◆ **Exercise objective**:
Transcribe the data underneath exactly. No images belong in your version.

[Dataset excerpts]
------------------------------------

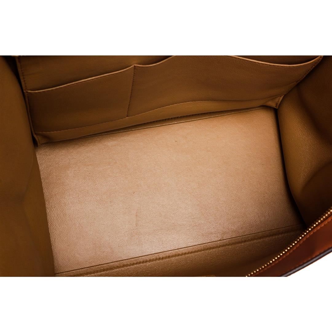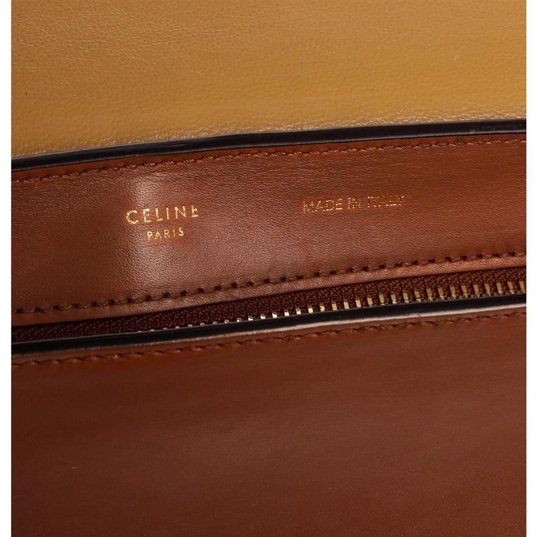 Brown leather Celine Medium Trapeze bag with silver-tone hardware, detachable flat shoulder strap, single rolled top handle, exterior zip pocket at back, snap expansions at sides, tonal suede trim, tonal leather lining, dual interior slit pockets and zip closure at top with additional flip-lock closures at front flap. Authentic.
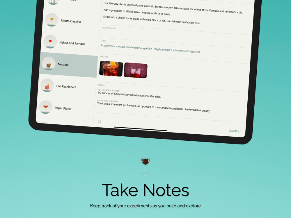 • **Multimedia Integration:** Enhance your cocktail experience by adding links to your favorite instructional videos. Learn new techniques from expert bartenders to elevate your craft.
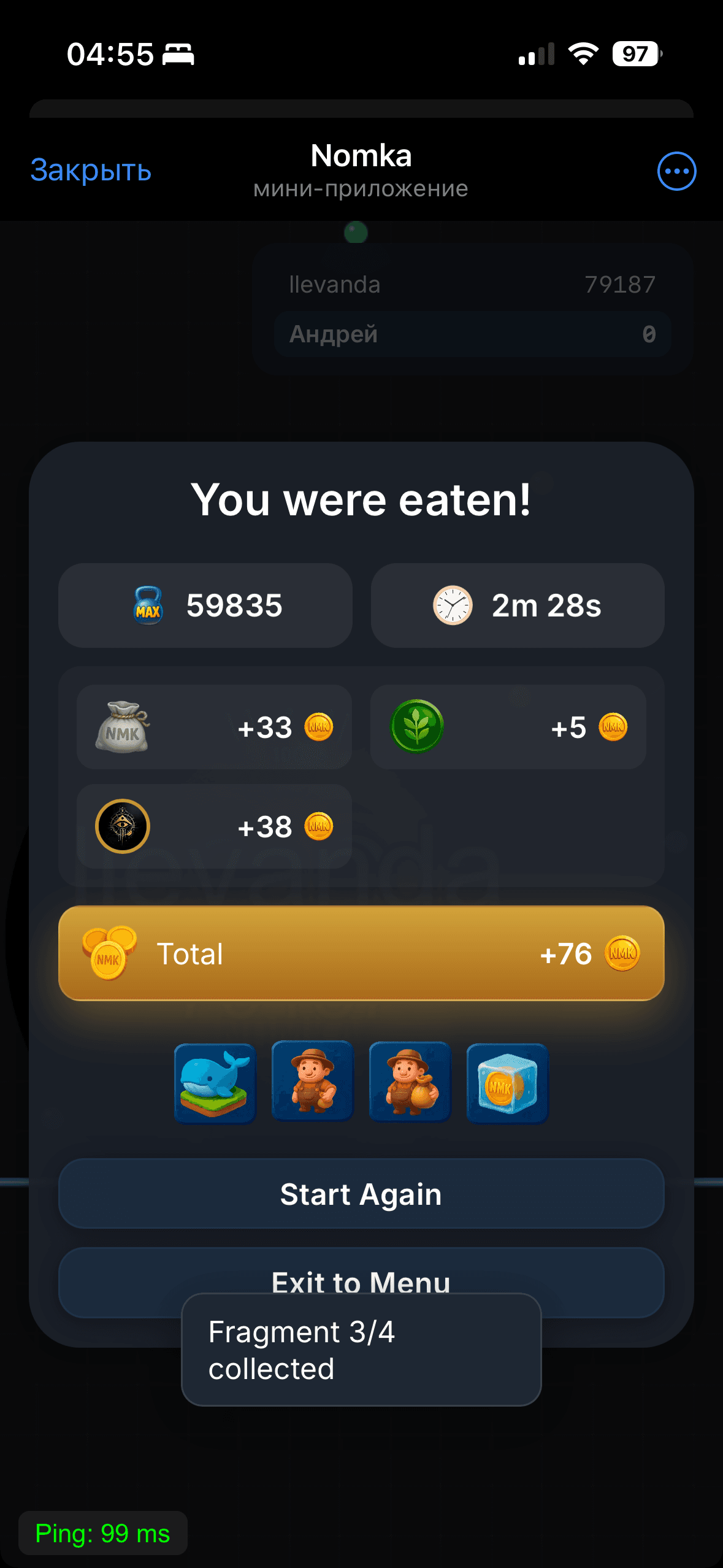 Nomka — быстрая соревновательная аркада. Вы выходите на общую арену, собираете энергию, развиваетесь и обыгрываете соперников, используя тайминг и умные движения. Активность вознаграждается NMK, а VIP-квесты открывают комнаты с усиленным фармом. Матчи короткие и подходят для быстрых сессий, а таблицы лидеров, ежедневные награды и личные рекорды помогут вам оставаться в игре. Элементы управления просты и удобны для мобильных устройств, а косметические скины позволяют настроить внешний вид, не влияя на баланс. Игра поддерживает несколько языков и без проблем работает внутри Telegram. Идеально подходит для быстрой игры и дружеских соревнований.
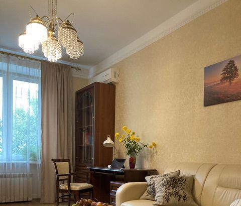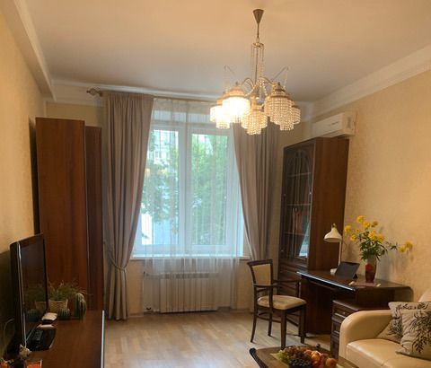 Уютная двухкомнатная квартира 56 кв.м.в историческом центре города. 2/9 этаж сталинского фасадного дома. Роскошная инфраструктура центра Москвы - музеи, театры Красивый читый подьезд, лифт. Удобная планировка: потолки 3,2 м, кухня 12м., спальня и гостиная. Полностью меблирована, Кухня оснащена всем необходимым. Готова к проживаю. Окна выходят в тихий зеленый двор. Огороженная охраняемая территория с парковкой во дворе. Лучшая в Москве пешая и транспортная доступность.
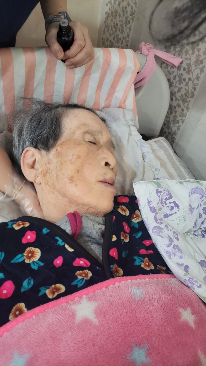 ② 진행 : 코에 오일 냄새를 맡게 하고, 관자놀이에 롤링기법으로 마사지를 해준다.
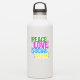 Paz Ama Trabalho Social. Bons adesivos sociais com uma família de mãos atadas ao lado de um cartaz de paz e coração. Serviços sociais presentes.
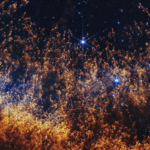 In this image, the four beaming stars near the bottom of the image and one in the top right corner are also Orion variable stars. The rest of the cloudscape is studded with other young stellar objects.
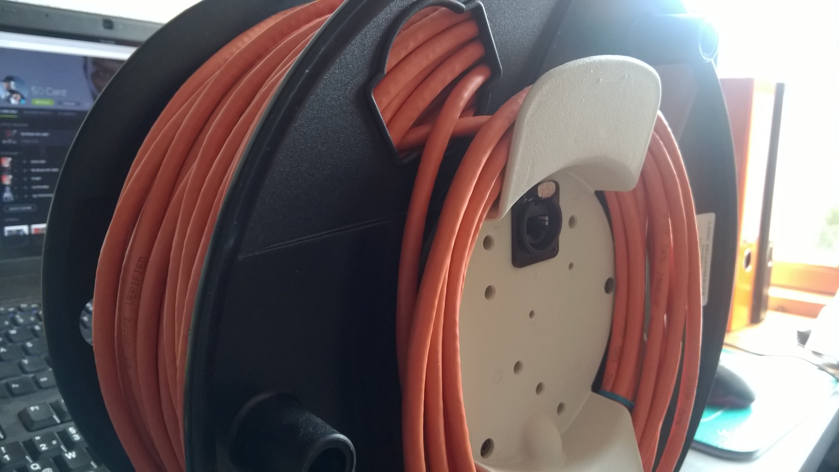 Dafür habe ich bei Amazon eine leere Kabeltrommel und eine RJ45 Einbaubuchse von Neutrik bestellt. Alles zusammen sieht dann so aus:
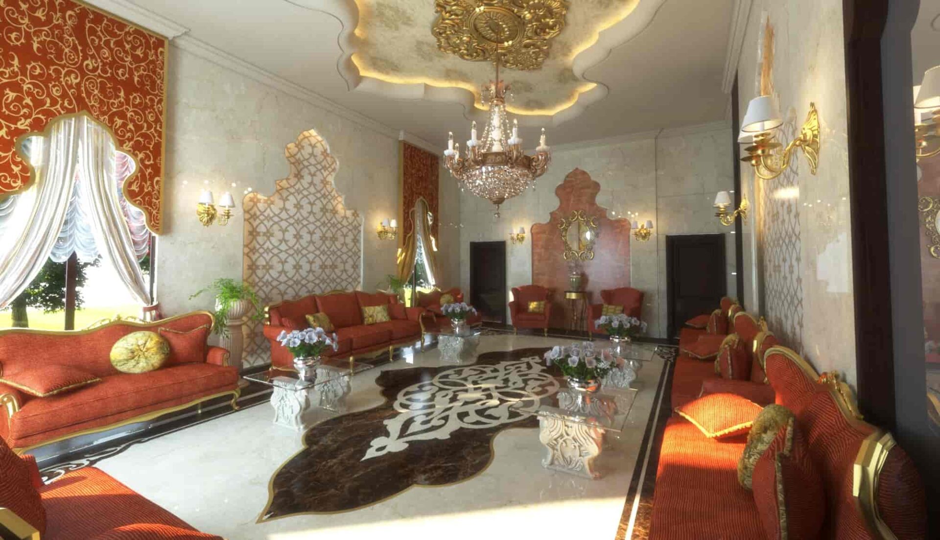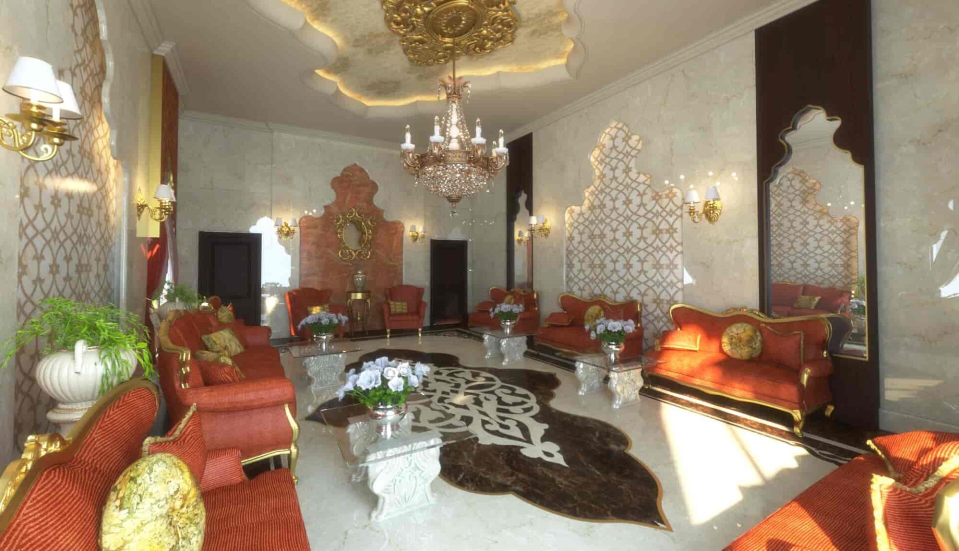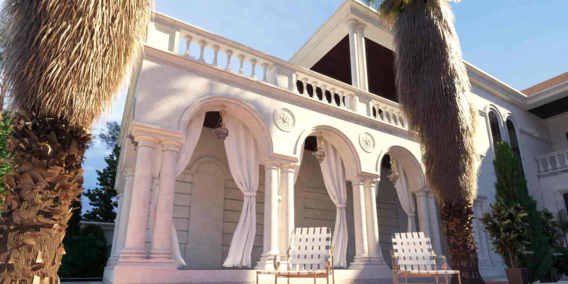 Transitioning from the outside world, the villa’s surroundings greet you with a sylvan serenity. Majestic trees, venerable in their stature, envelop the villa in a verdant embrace, casting dappled patterns of light and shadow across the grounds.
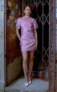 Blossom Dress crafted from pink-sheen sumptuous Jacquard, featuring a floral embossed pattern that captures the poetic essence of this season's collection.Accented with a mandarin collar paired with pearl cluster floral-beaded Pankou, featuring a back concealed zipper closure, slant-front panel, bias cut-outs at the chest and one side of the waist, puff sleeves, and a mini length.
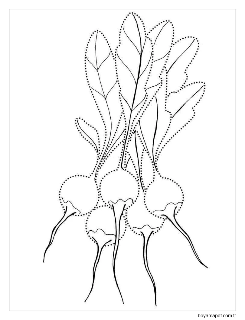 Aynı temaya sahip daha fazla boyama sayfasını görüntülemek için yan alandaki önerileri veya Turp kategorisini inceleyebilirsiniz.
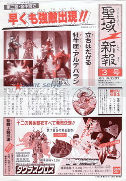 Este Catálogo fue incluido principalmente en las cajas del primer Set de Gold Saints editado, lease por este orden: Sagitario, Escorpio, Leo, Aries, Cancer y Virgo, anunciando su salida para Agosto.
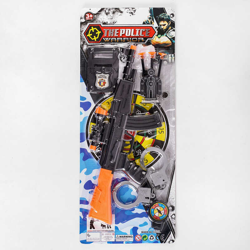 Тут міститься все необхідне для гри в поліцію. Ігровий набір містить: автомат з патронами на присосках, наручники, компас, стоячу мішень і значок поліціянта.
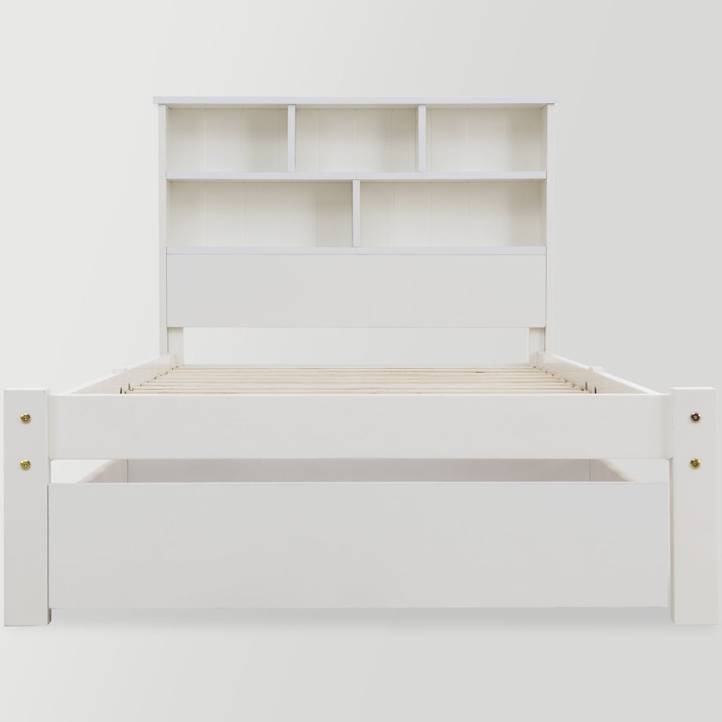 Solid Wood Single Bed with Drawers & Slatted Frame, Bookcase, White
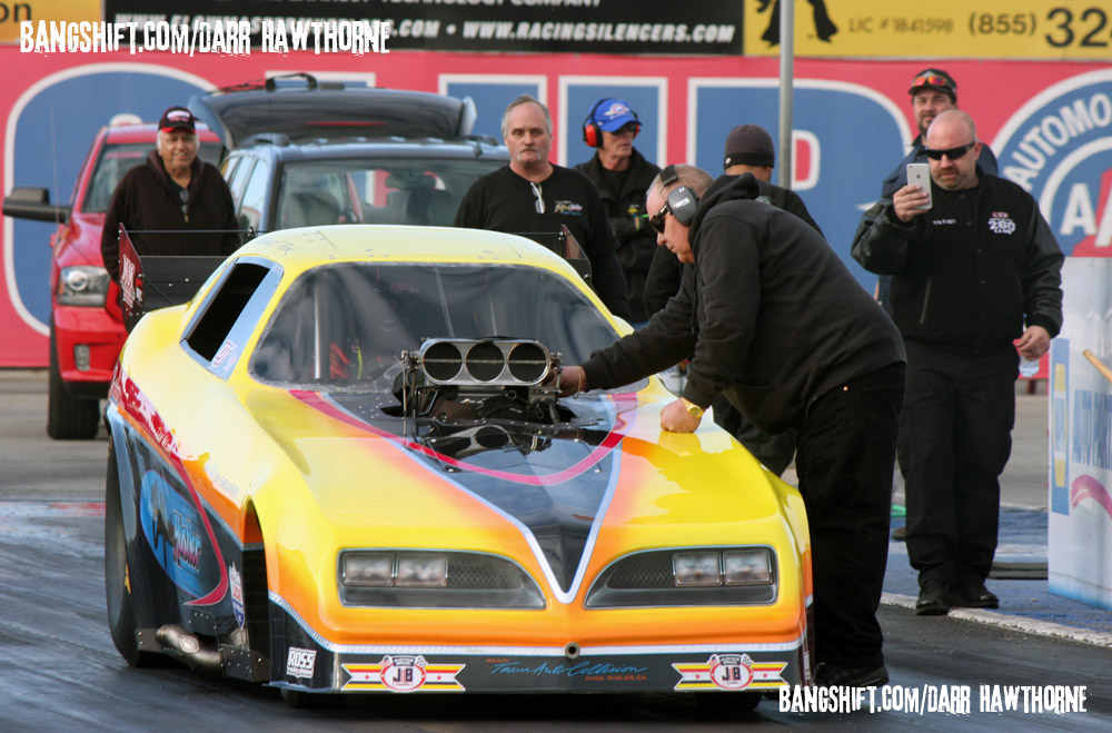 Cottrell made a Thursday afternoon test run for this weekend’s 49th Annual Firebird Raceway Ignitor. He ran a soft 6.01/218.15 dropping cylinders against Michael Peck (above) driving Don Nelson’s “California Hustler” Firebird, who ran 5.90/232.31.

------------------------------------

◆ **Response area**:
 Brown leather Celine Medium Trapeze bag with silver-tone hardware, detachable flat shoulder strap, single rolled top handle, exterior zip pocket at back, snap expansions at sides, tonal suede trim, tonal leather lining, dual interior slit pockets and zip closure at top with additional flip-lock closures at front flap. Authentic.
 • **Multimedia Integration:** Enhance your cocktail experience by adding links to your favorite instructional videos. Learn new techniques from expert bartenders to elevate your craft.
 Nomka — быстрая соревновательная аркада. Вы выходите на общую арену, собираете энергию, развиваетесь и обыгрываете соперников, используя тайминг и умные движения. Активность вознаграждается NMK, а VIP-квесты открывают комнаты с усиленным фармом. Матчи короткие и подходят для быстрых сессий, а таблицы лидеров, ежедневные награды и личные рекорды помогут вам оставаться в игре. Элементы управления просты и удобны для мобильных устройств, а косметические скины позволяют настроить внешний вид, не влияя на баланс. Игра поддерживает несколько языков и без проблем работает внутри Telegram. Идеально подходит для быстрой игры и дружеских соревнований.
 Уютная двухкомнатная квартира 56 кв.м.в историческом центре города. 2/9 этаж сталинского фасадного дома. Роскошная инфраструктура центра Москвы - музеи, театры Красивый читый подьезд, лифт. Удобная планировка: потолки 3,2 м, кухня 12м., спальня и гостиная. Полностью меблирована, Кухня оснащена всем необходимым. Готова к проживаю. Окна выходят в тихий зеленый двор. Огороженная охраняемая территория с парковкой во дворе. Лучшая в Москве пешая и транспортная доступность.
 ② 진행 : 코에 오일 냄새를 맡게 하고, 관자놀이에 롤링기법으로 마사지를 해준다.
 Paz Ama Trabalho Social. Bons adesivos sociais com uma família de mãos atadas ao lado de um cartaz de paz e coração. Serviços sociais presentes.
 In this image, the four beaming stars near the bottom of the image and one in the top right corner are also Orion variable stars. The rest of the cloudscape is studded with other young stellar objects.
 Dafür habe ich bei Amazon eine leere Kabeltrommel und eine RJ45 Einbaubuchse von Neutrik bestellt. Alles zusammen sieht dann so aus:
 Transitioning from the outside world, the villa’s surroundings greet you with a sylvan serenity. Majestic trees, venerable in their stature, envelop the villa in a verdant embrace, casting dappled patterns of light and shadow across the grounds.
 Blossom Dress crafted from pink-sheen sumptuous Jacquard, featuring a floral embossed pattern that captures the poetic essence of this season's collection.Accented with a mandarin collar paired with pearl cluster floral-beaded Pankou, featuring a back concealed zipper closure, slant-front panel, bias cut-outs at the chest and one side of the waist, puff sleeves, and a mini length.
 Aynı temaya sahip daha fazla boyama sayfasını görüntülemek için yan alandaki önerileri veya Turp kategorisini inceleyebilirsiniz.
 Este Catálogo fue incluido principalmente en las cajas del primer Set de Gold Saints editado, lease por este orden: Sagitario, Escorpio, Leo, Aries, Cancer y Virgo, anunciando su salida para Agosto.
 Тут міститься все необхідне для гри в поліцію. Ігровий набір містить: автомат з патронами на присосках, наручники, компас, стоячу мішень і значок поліціянта.
 Solid Wood Single Bed with Drawers & Slatted Frame, Bookcase, White
 Cottrell made a Thursday afternoon test run for this weekend’s 49th Annual Firebird Raceway Ignitor. He ran a soft 6.01/218.15 dropping cylinders against Michael Peck (above) driving Don Nelson’s “California Hustler” Firebird, who ran 5.90/232.31.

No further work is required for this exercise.